Sylvie Guillem's Life in Progress at the London Coliseum

Sylvie Guillem's Life in Progress was her world-wide farewell and while it was sad to see her leave the stage after so many years it was also a worthy celebration of a great talent that still shone brightly.

I wanted to go because I have loved her dancing ever since I was a season ticket holder at the Royal Ballet in the late 80s. It was my last chance to see her and my last chance to say "thank you" by being there.

It was billed as a Sadler's Wells event but was staged at the London Coliseum, presumably because it was bigger. I surprised myself by being able to get a front row seat in the Balcony (the uppermost of four levels) for the bargain price of £20. I chose the seat not for the price but for the view, it was some distance from the stage but for dance (and opera) I prefer to be able to see the whole stage, not just the front of it.

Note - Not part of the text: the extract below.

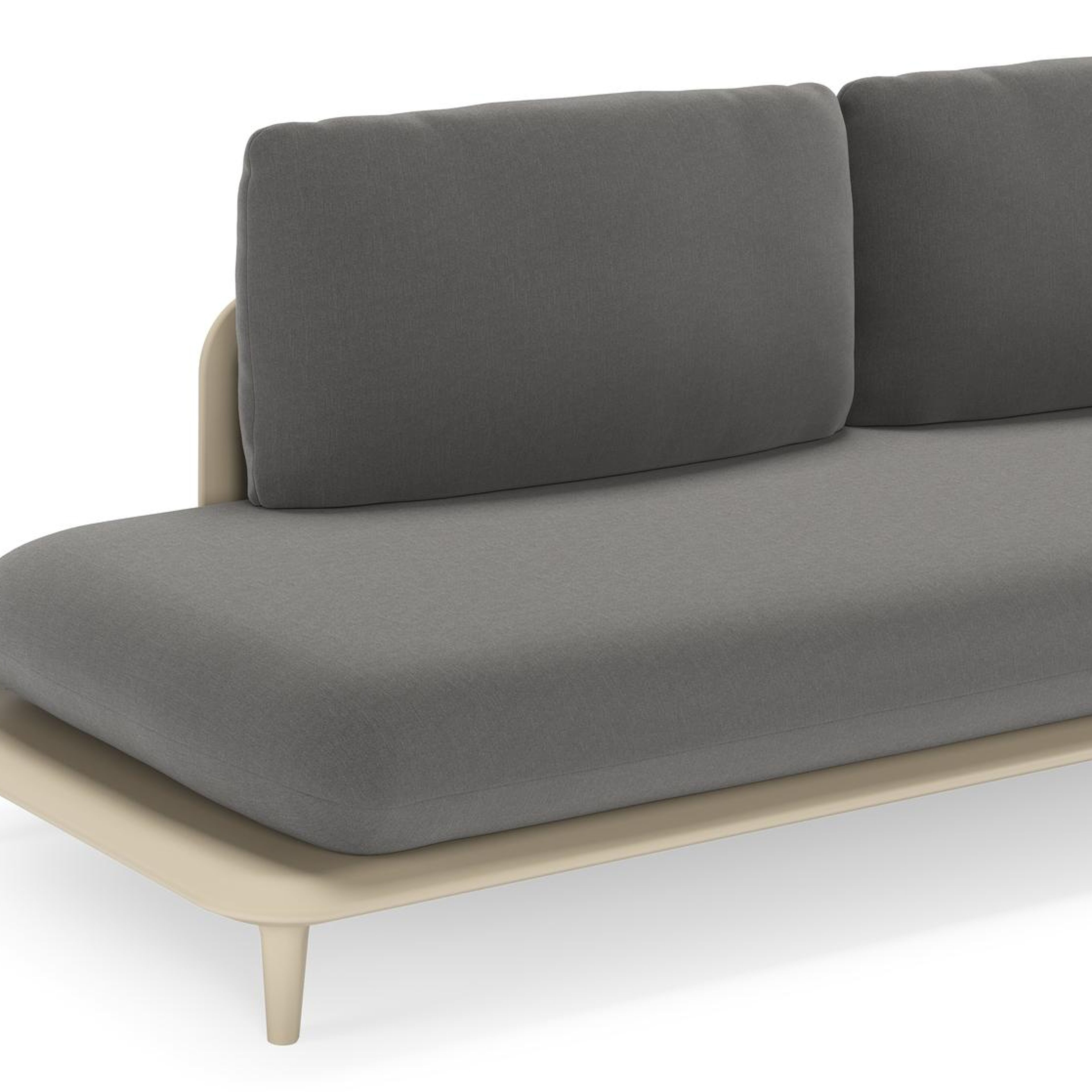 Salon de jardin d'angle Bomero en aluminium beige et coussins en all weather sunbrella® luxe natte charcoal chine | Exterioo mobilier de jardin

I was not sure how much Sylvie I was going to see and was deliriously happy that she did so much. It was easy to forget that she was fifty years old, especially when she did her trade-marked vertical leg trick.

The performance was also pleasingly longer than I expected. Some dance that I have seen recently has been something like two 25 minutes half, understandable given the physical effort involved, so I was delighted to see four pieces.

The evening opened with a Sylvie solo performed with live musicians on stage half-hidden behind netting. It was poetically choreographed by Akram Khan. The next piece was strange, and I like strange, but was a duet with two men and I was there to see Sylvie. The third piece was a lovely duet with Sylvie and Emanuela Montanari, the first piece she had ever done with another woman. This was choreographed by Russell Maliphant so it was no surprise that I liked it.

After the break came the biggest and best surprise of the evening. Syvlie performed Mats Ek’s solo piece Bye which I had seen her do two years previously on her 6000 Miles Away tour. I loved it then and I loved it (at least) as much this time. It was a fitting end to a fantastic show and a glorious career.